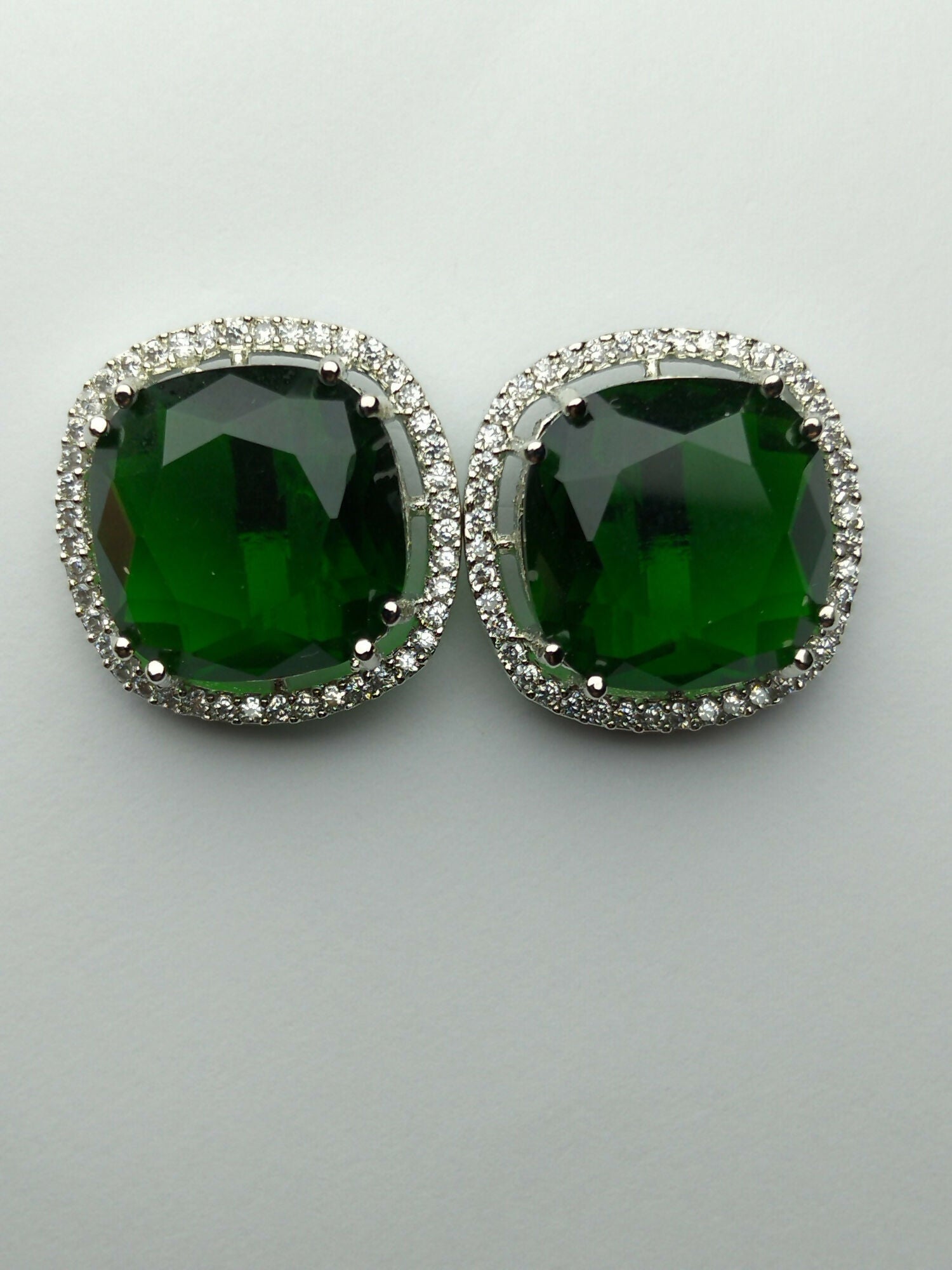 H&A Jewellery presents stunning stud earrings with one carat semi-precious stones American diamond. Featuring a cushion-cut emerald-green stone surrounded by a halo of clear crystals, best for traditional and casual wear.
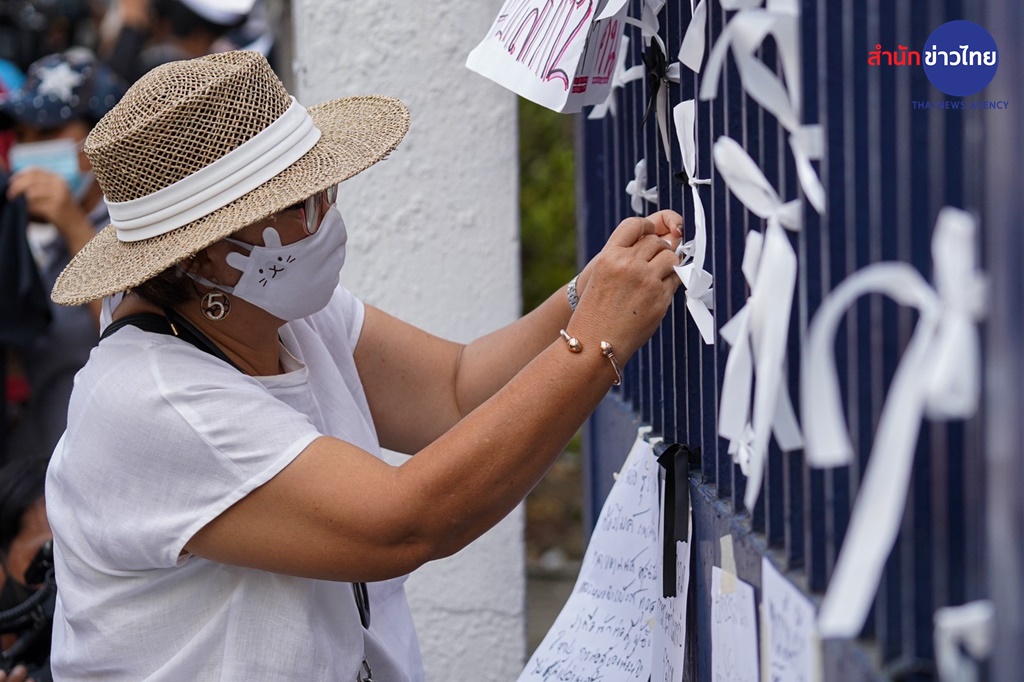 กลุ่มแนวร่วมธรรมศาสตร์ รวมตัวทำกิจกรรมใส่ชุดดำ วางพวงหรีด ติดริบบิ้น ไว้อาลัยความอยุติธรรม โดยทางกลุ่มได้อ่านแถลงการณ์จากรุ้ง หรือปนัสยา สิทธิจิรวัฒนกุล ที่เขียนถึงผู้ชุมนุมก่อนถูกคุมตัว ไปยังเรือนจำใจความในแถลงการณ์ เรียกร้องให้ผู้ชุมนุมเดินหน้าต่อสู้ เรียกร้องรัฐบาลปฏิบัติตามข้อเรียกร้อง 3 ข้อถึงแม้ว่าตนเองจะไม่ได้อยู่ร่วมในการชุมนุมแล้วก็ตาม ขอให้ทุกคนสามัคคีเชื่อว่าผู้ชุมนุมจะชนะ แม้จะใช้เวลาในการต่อสู้ยาวนานก็ตาม และขอให้การชุมนุมเป็นไปอย่างสันติอหิงสา อย่าใช้กำลัง เพราะจะเป็นข้ออ้าง ให้รัฐบาลใช้ความรุนแรงกับผู้ชุมนุมได้
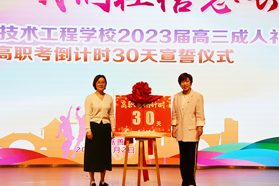 隨后,嘉善信息技術(shù)工程學(xué)校副校長(zhǎng)丁蕾和教務(wù)處主任趙愛琴為高職考倒計(jì)時(shí)30天揭牌。高職考在即,相信高三的同學(xué)們定能以嚴(yán)肅認(rèn)真的態(tài)度復(fù)習(xí)備考,以高昂的斗志、飽滿的精神沖刺高考,收獲成功。
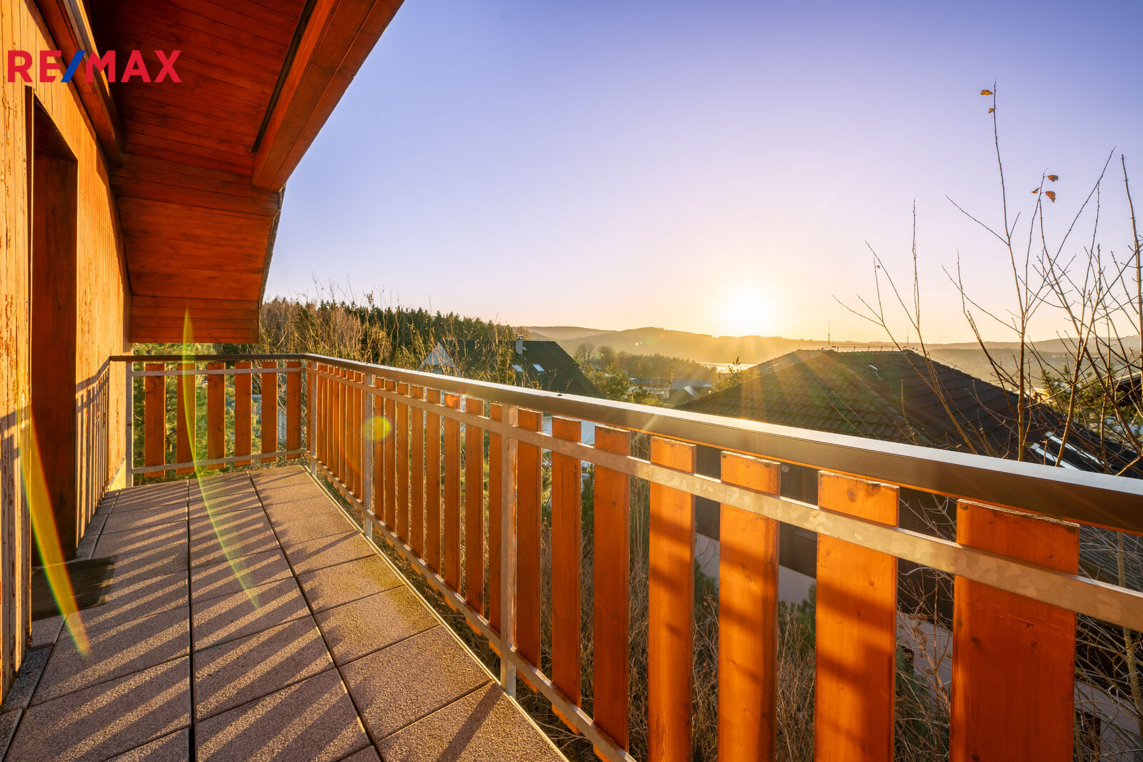 Dům se nachází v lukrativním Villa Parku, v klidné části u lesa, s krásným výhledem na vodní nádrž Lipno, vzdálenou jen 800 m.

Instructions for the task: Only one stretch of the listing is wanted: the lines starting at the one with "กลุ่มแนวร่วมธรรมศาสตร์ รวมตัวทำกิจกรรมใส่ชุดดำ วางพวงหรีด" and ending at the one with "隨后,嘉善信息技術(shù)", copied exactly and free of pictures.

Solution below:
 กลุ่มแนวร่วมธรรมศาสตร์ รวมตัวทำกิจกรรมใส่ชุดดำ วางพวงหรีด ติดริบบิ้น ไว้อาลัยความอยุติธรรม โดยทางกลุ่มได้อ่านแถลงการณ์จากรุ้ง หรือปนัสยา สิทธิจิรวัฒนกุล ที่เขียนถึงผู้ชุมนุมก่อนถูกคุมตัว ไปยังเรือนจำใจความในแถลงการณ์ เรียกร้องให้ผู้ชุมนุมเดินหน้าต่อสู้ เรียกร้องรัฐบาลปฏิบัติตามข้อเรียกร้อง 3 ข้อถึงแม้ว่าตนเองจะไม่ได้อยู่ร่วมในการชุมนุมแล้วก็ตาม ขอให้ทุกคนสามัคคีเชื่อว่าผู้ชุมนุมจะชนะ แม้จะใช้เวลาในการต่อสู้ยาวนานก็ตาม และขอให้การชุมนุมเป็นไปอย่างสันติอหิงสา อย่าใช้กำลัง เพราะจะเป็นข้ออ้าง ให้รัฐบาลใช้ความรุนแรงกับผู้ชุมนุมได้
 隨后,嘉善信息技術(shù)工程學(xué)校副校長(zhǎng)丁蕾和教務(wù)處主任趙愛琴為高職考倒計(jì)時(shí)30天揭牌。高職考在即,相信高三的同學(xué)們定能以嚴(yán)肅認(rèn)真的態(tài)度復(fù)習(xí)備考,以高昂的斗志、飽滿的精神沖刺高考,收獲成功。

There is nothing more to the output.